Fluctuations for the Toda lattice

TL;DR

This paper analyzes the space-time fluctuations of the Toda lattice at thermal equilibrium, showing they converge to a Gaussian limit and deriving explicit scaling behaviors for particle trajectories and correlations.

Contribution

It establishes the Gaussian nature of fluctuations in the Toda lattice under diffusive scaling and characterizes the joint limit of quasi-particle fluctuations as a dressed Lévy-Chentsov field.

Findings

Fluctuations converge to an explicit Gaussian limit.

Single particle trajectory scales as a Brownian motion.

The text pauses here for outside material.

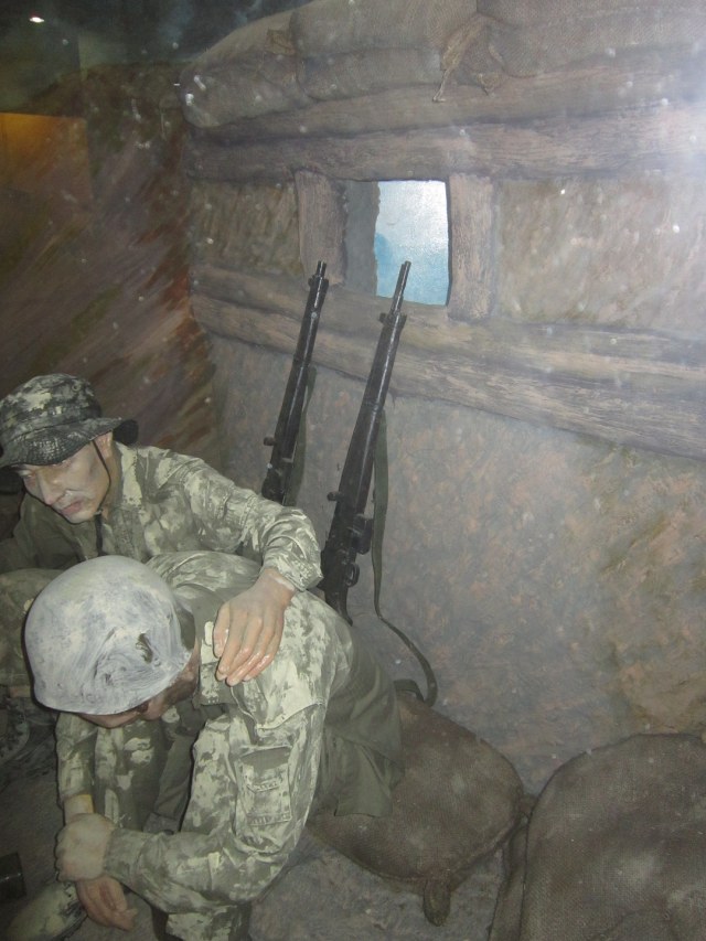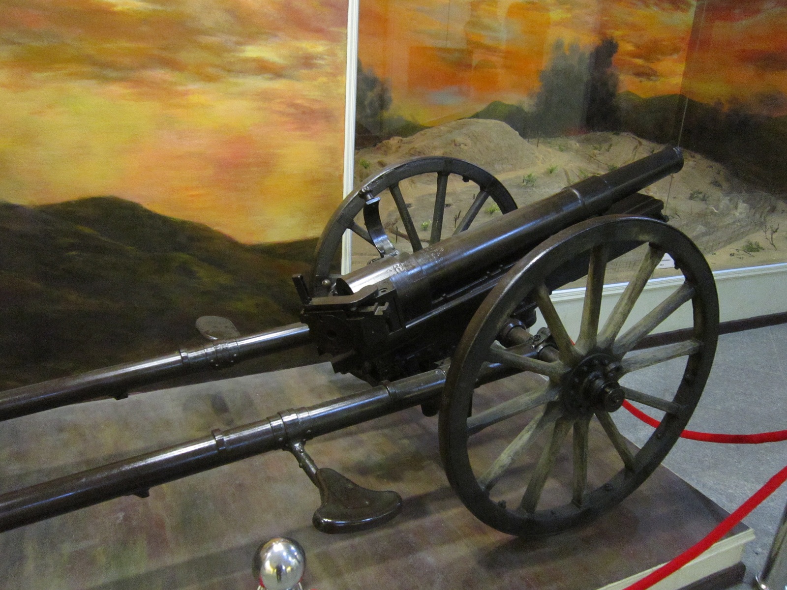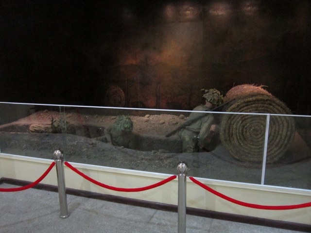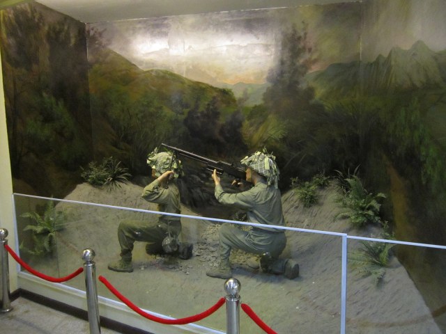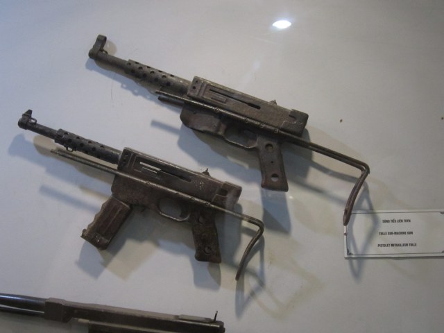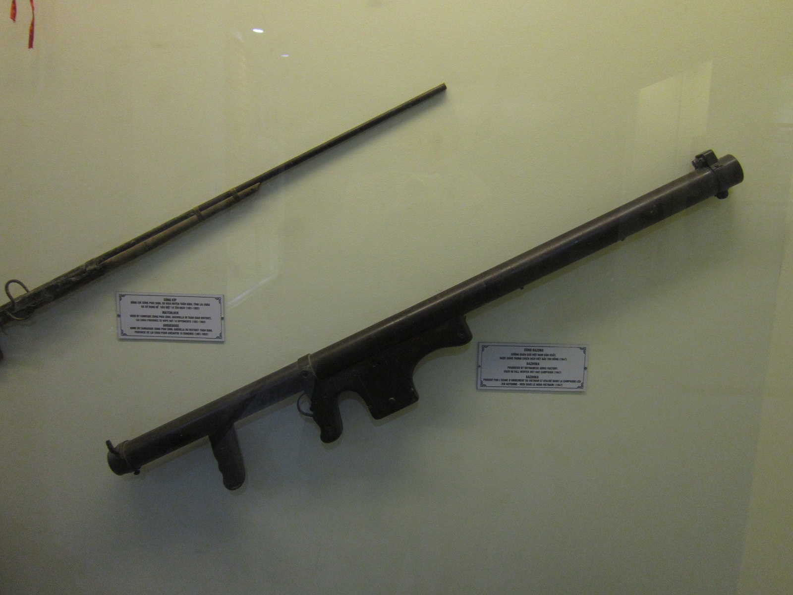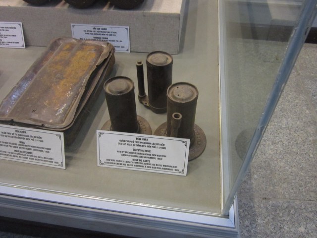 В промежутках между макетами расположены витрины с фотографиями и документами относящимися к битве, и многочисленным "железом" как французским, так и вьетнамским. Многие фото раньше мне нигде не попадались. Подписи к экспонатам сделаны на трёх языках: вьетнамском, английском и французском. Подписи к стрелковому оружию огорчают - в большинстве случаев названий оружия нет, пишут просто "винтовка" или "пулемёт" и чем это оружие отличилось, т.е. какой боец где и сколько врагов "завалил" из него. Конечно, практически все "стволы" я знаю, но всё же попалась винтовка, которую я не смог опознать с ходу, и лишь дома, порывшись в справочниках понял, что это 8-мм "Лебель-Бертье" образца 1902 года. Обнаружил и пару ошибок: МАС-49 подписана как "Британская винтовка", а висящий рядом "Ли-Энфилд" обозвали американцем. Так же явно перепутаны местами таблички у пулемётов РП-46 и М1924/29. Стоящие в залах американская 105-мм гаубица и советская 37-мм зенитка скорее всего не участвовали в сражении. Дело в том, что хотя гарнизон Дьен Бьен Фу и капитулировал, война на этом не закончилась, и 351-я тяжёлая дивизия вместе со всеми своими орудиями отправилась к местам новых боёв.

Correlation functions decay inversely with time, with explicit scaling distributions.

Abstract

In this paper we consider the Toda lattice $(\mathbf{p}(t);\mathbf{q}(t))$ at thermal equilibrium, meaning that its variables $(p_j)$ and $(e^{q_j-q_{j+1}})$ are independent Gaussian and Gamma random variables, respectively. We show under diffusive scaling that the space-time fluctuations for the model's currents converge to an explicit Gaussian limit. As consequences, we deduce, (i) the scaling limit for the trajectory of a single particle $q_0$ is a Brownian motion; (ii) space-time two-point correlation functions for the model decay inversely with time, with explicit scaling distributions predicted by Doyon (SciPost Phys. 5 (2018), 054) and Spohn (J. Phys. A 53 (2020), 265004). Our starting point is the notion that the Toda lattice can be thought of as a dense collection of many ``quasi-particles'' that interact through scattering. The core of our work is to establish that the full joint scaling limit of the fluctuations for these quasi-particles is given by a Gaussian process, called a dressed L\'evy-Chentsov field.